Determining Repeated and Unique Structures
An operation that is commonly carried out with the COMPARE keyword is to determine, from a (large) list of structures, which of them are unique and which are repeated. This can be easily accomplished with the REDUCE option to COMPARE, which works similar to normal COMPARE, but skips over structures that have already been determined to be equivalent to others in the list. For instance, if we wanted to compare a list of 50 very similar structures we would do:
COMPARE REDUCE 1e-6 str-001.POSCAR str-002.POSCAR str-003.POSCAR \
str-004.POSCAR ...
This means that two of the crystal structures in the list are considered equal if the difference in their powder diffraction patterns is less than 1e-6, calculated as in the example above. The output of COMPARE/REDUCE contains the following parts. First, the powder diffraction difference values are reported:
DIFF 1 2 3 4 5
str-001.POSCAR not-calculated 0.0007855 0.0007439 0.0007439 0.0007855
str-002.POSCAR 0.0007855 not-calculated 0.0000701 0.0000701 not-calculated
str-003.POSCAR 0.0007439 0.0000701 not-calculated not-calculated not-calculated
str-004.POSCAR 0.0007439 0.0000701 not-calculated not-calculated not-calculated
...
where some of the difference values were not calculated, because some of the structures were determined to be equivalent to others at the requested level (i.e. their DIFF was lower than 1e-6). This cuts down the computational cost of the COMPARE/REDUCE calculation significantly. After this, the list of unique structures is listed:
+ List of unique structures (15):
1: str-001.POSCAR with multiplicity 1
2: str-002.POSCAR with multiplicity 4
3: str-003.POSCAR with multiplicity 7
6: str-006.POSCAR with multiplicity 3
...
where the “multiplicity” is the number of repeated structures in the original list corresponding to the given unique representative structure.

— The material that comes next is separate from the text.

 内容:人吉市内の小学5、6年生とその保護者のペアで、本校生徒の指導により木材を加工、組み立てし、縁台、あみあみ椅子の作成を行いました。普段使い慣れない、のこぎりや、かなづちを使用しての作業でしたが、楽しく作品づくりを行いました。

Lastly, the repeated structures are listed, along with their unique representative from the list above:
+ List of repeated structures (34):
4: str-004.POSCAR same as 3: str-003.POSCAR
5: str-005.POSCAR same as 2: str-002.POSCAR
9: str-009.POSCAR same as 3: str-003.POSCAR
10: str-010.POSCAR same as 7: str-007.POSCAR
11: str-011.POSCAR same as 6: str-006.POSCAR
...
Comparing Crystals Allowing for Cell Distortions (VC-PWDF)

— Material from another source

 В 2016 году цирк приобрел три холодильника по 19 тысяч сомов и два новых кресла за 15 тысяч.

The variable-cell powder difference (VC-PWDF) comparison method is used to compare two crystal structures. It is similar to the plain powder diffraction comparison method described above, but it is designed to produce a high similarity result (a low VC-PWDF value) when one of the structures is a lattice distortion of the other. This can happen, for instance, due to the effect of temperature or pressure, or when comparing a calculated structure with an experimental one. VC-PWDF works by designating one of the structures as reference and the other as candidate; both are first transformed into their reduced cells. Then, all possible transformations of the reduced cell of the candidate structure are explored that may bring it into (rough) agreement with the reference reduced cell. Then, the candidate adopts the cell parameters of the reference structure’s reduced cell and the powder diffractogram dissimilarity index (POWDIFF) is calculated as in the example above. The process is repeated for all possible cell transformations and the final VC-PWDF value is the minimum of all calculated dissimilarity indices. The algorithm for the VC-PWDF method is described in detail in Mayo et al..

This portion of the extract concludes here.